Para o Gilberto, que me salvou da semana.

 

  

 

            Eta semanazinha ranzinza esta!

            Ainda bem que se vai indo, e já vai tarde…

            Contratempos, contragostos, contrariedades, contrafeitos.

            Nada de grave, apenas chateações que gostaria não mais ter de aturar a esta altura da vida.

            Mas assim é a vida…

            Eis que me vem às mãos um pequeno ensaio sobre Miguel Unamumo, escrito e a mim enviado por Gilberto Kujawski.

            Ao longo do primoroso ensaio (que deverá integrar um livro em gestação), deparo com um poema impressionante de Unamuno que me cai como um relâmpago a iluminar a noite.

            Não bastassem a beleza e a força do poema, creio que meu estado de espírito se acha propício a ele. Fala da morte, ou da espera da morte, sem mencioná-la uma vez sequer.

            Embora não pretenda morrer tão cedo, o poema me ficou na cabeça todos esses dias. Reli-o inúmeras vezes, e a cada leitura mais me extasiava.

            Um poema dessa qualidade há de ser lido, e sentido, na sua própria língua.

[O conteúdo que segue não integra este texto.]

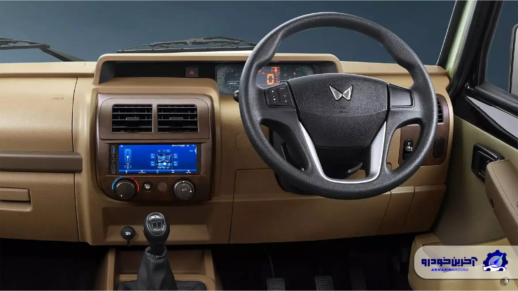 فضای داخلی ماهیندرا بولرو هنوز هم حال و هوای خودروهای دهه ۲۰۰۰ را دارد، اما تغییر اصلی این نسخه، اضافه شدن نمایشگر لمسی ۷ اینچی در قسمت میانی داشبورد است. این سیستم چندرسانهای ساده از بلوتوث پشتیبانی میکند، اما خبری از اپل کارپلی و اندروید اتو نیست. صفحه دیجیتال پشت فرمان حالا طراحی بروز تری دارد و فرمان مجهز به کلیدهای کنترل صوتی شده است.

A tradução de qualquer obra literária é sempre problemática (Tradutore, traditore! — dizem os italianos), mas a de um poema, especialmente um bom poema, é ainda pior, talvez até mesmo impossível.

            Todavia, como o lutador de Drummond, insistimos nessa luta vã, mal rompe a manhã.

            Apesar do meu trôpego espanhol, meti-me a besta e perpetrei uma versão do poema, muito mais para me consolar de não o ter escrito, e da falta de talento para jamais o escrever.

            Procurei ser fiel ao texto e sentido originais, mas me vi obrigado a algumas licenças poéticas, que espero não tenham desfigurado o poema.

            A mais evidente e duvidosa delas talvez seja o tempo verbal. “Vendrá” é “futuro simple” ou “futuro imperfecto” do verbo “venir”, que possivelmente melhor se traduza no presente do subjuntivo do nosso verbo “vir”: “venha; que venha”.

            Comecei a versão usando esse tempo verbal, mas depois de algumas estrofes senti que o poema (não bastasse a incompetência do tradutor) perdia muito da sua força. Decidi-me, então, pelo futuro do indicativo ou futuro do presente, “virá”, que me pareceu expressar mais adequadamente o misto de anseio e de certeza do poeta, isto é, de como ele gostaria ou imagina que venha aquilo ou aquela (“él, ella o ello?”) que fatalmente virá. Não sem razão, uma das mais conhecidas obras da vasta produção de Unamuno intitula-se “Do sentimento trágico da vida”.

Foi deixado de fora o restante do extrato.